You can convert from one filetype to another by using ->convert()

Excel::load('file.csv', function($file) {

    // modify stuff

})->convert('xls');

Extra

Disable using first row as collection attributes

By default we will use the first row of a file as table heading (so as attribute names for the collection). You can change the default behaviour inside import.php with import.heading.

To disable this for a single import, use ->noHeading().

$reader->noHeading();

Setting the cell name separator

By default collection attribute names will be set by looking at the first row columns. Spaces will be translated to _.

E.g. Created at -> created_at

The default behaviour can be changed inside the import.php config by changing 'separator'. Or you can use ->setSeparator($separator).

$reader->setSeparator('-');

Ignoring empty cells

By default empty cells will not be ignored and presented as null inside the cell collection.

To change the default behaviour, you can change 'ignoreEmpty' inside import.php or use ->ignoreEmpty().

$reader->ignoreEmpty();

Input encoding

Inside the import.php config you can change the input encoding. In most cases UTF-8 will be the best solution. Hower if you dump your results make sure your HTML page has this exact same meta charset!

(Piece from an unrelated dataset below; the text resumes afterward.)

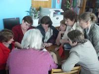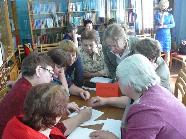 Затем началась игра, которая заставила поднапрячь память наших замечательных игроков. Им пришлось пройти 8 игровых этапов – они отвечали на вопросы о кино, угадывали книги по аннотации к фильму, называли фильмы по одному из кадров, вспоминали музыку к фильмам, искали названия мультфильмов в файнворде, по гриму узнавали знаменитых российских актеров, по крылатым фразам отгадывали отечественные фильмы, расшифровывали криптограмму по цитате кинорежиссера. В непростом соревновании с небольшим перевесом выиграла команда читателей «Мотор», чем заслужила почетные медали знатоков и приз от библиотеки. Однако равной по веселости и задору команде библиотекарей «Киноманы» на вечере не было. Судило игроков почетное жюри, состоящее из заведующей отделом культуры, директоров Библиотеки и Районного дома культуры.

Optionally you can pass the input encoding inside the ->load() method.

// When utilising a closure, you can pass the input encoding as third parameter.
Excel::load('filename.csv', function($reader) {

}, 'UTF-8');

// or without a closure, you can use it as second parameter.
Excel::load('filename.csv', 'UTF-8');

CSV Settings

Inside the csv.php config you can change the default settings, like the delimiter, the enclosure and the line_ending.